Adding a new language and unit testing it can be added using configuration only.

This page describe how to add a new language, or change configuration for an existing language. Unit testing is covered as well.

Configuration files in the file system

Each language has a configuration file and a unit test file. The configuration files are written in json. The configurations are:

  • mycroft/res/text//date_time.json
  • mycroft/res/text//date_time_test.json

For example: mycroft/res/text/en-us/date_time.json

The mycroft.util.nice_time() function is not configurable using the approach described in this document (historical reasons). The nice_date_and_time() depends on nice_time(), which must be able to support the selected language, if you want nice results from nice_date_time(). Without support for a language in nice_time(), nice_date_and_time() will still return a string, but the time part not be appropriate for your language.

The configuration file

The section Configuration file for en-us contains an example configuration file. The configuration file contains several main sections, some of which contain maps from numbers to words to be spoken, others containing the format template to use when the pronounceable string is created.

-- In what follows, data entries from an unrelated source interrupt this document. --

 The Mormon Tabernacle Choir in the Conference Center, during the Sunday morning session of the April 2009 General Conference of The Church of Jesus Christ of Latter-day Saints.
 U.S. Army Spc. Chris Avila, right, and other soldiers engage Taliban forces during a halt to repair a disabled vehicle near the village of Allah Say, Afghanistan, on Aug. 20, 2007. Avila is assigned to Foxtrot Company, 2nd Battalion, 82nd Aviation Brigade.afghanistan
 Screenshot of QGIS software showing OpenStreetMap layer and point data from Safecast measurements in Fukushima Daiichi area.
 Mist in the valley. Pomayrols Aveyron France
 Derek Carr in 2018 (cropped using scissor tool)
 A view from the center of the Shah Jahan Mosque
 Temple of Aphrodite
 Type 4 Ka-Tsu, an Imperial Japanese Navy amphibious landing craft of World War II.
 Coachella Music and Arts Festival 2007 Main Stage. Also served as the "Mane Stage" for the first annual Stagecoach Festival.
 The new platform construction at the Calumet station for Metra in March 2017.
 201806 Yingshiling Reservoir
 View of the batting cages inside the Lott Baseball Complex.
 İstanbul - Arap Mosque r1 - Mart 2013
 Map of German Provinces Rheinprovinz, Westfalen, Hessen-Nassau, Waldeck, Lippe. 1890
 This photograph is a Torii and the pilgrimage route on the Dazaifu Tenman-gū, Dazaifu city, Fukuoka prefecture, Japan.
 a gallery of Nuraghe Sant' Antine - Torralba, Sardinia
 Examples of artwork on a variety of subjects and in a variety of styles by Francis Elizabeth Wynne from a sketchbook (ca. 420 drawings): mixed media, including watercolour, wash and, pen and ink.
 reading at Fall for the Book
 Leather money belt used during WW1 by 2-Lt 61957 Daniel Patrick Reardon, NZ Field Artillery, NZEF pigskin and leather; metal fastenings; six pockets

The template sections are:

  1. decade_format
  2. hundreds_format
  3. thousands_format
  4. year_format
  5. date_format
  6. date_time_format

The map sections are:

  • weekday
  • date
  • month
  • number

The format templates operate on a number of components, like a {formatted_year}. The components are substituted by a value calculated by the nice_*() function. In general, a format created by a template at the top of the list above, can be used in a template lower on the list. The exact possibilities are described later in this document.

The building blocks

Before the template sections are considered, the input year is decomposed into components, and each component is translated to a word using the number map. The components can then be used in the template sections. The building of the basic components are not configurable, and it is typically not necessary to map all components.

A list of basic components with examples for year 1969 in en-us are shown below:

  • {x} example: 'nine'
  • {xx} example: '69' (fall back to number since the map does not contain '69')
  • {x0} example: 'sixty'
  • {x_in_x0} example: 'six'
  • {xxx} example: '969' (fall back to number since the map does not contain '969')
  • {x00} example: '969' (fall back to number since the map does not contain '900')
  • {x_in_x00} example: 'one'
  • {xx00} example: '1969' (fall back number since the map does not contain '1900')
  • {xx_in_xx00} example: 'nineteen'
  • {x000} example: '1969' (fall back number since the map does not contain '1000')
  • {x_in_x000} example: 'one'
  • {number} example: '1969' (can be used for fall back by templates, if no other patterns match)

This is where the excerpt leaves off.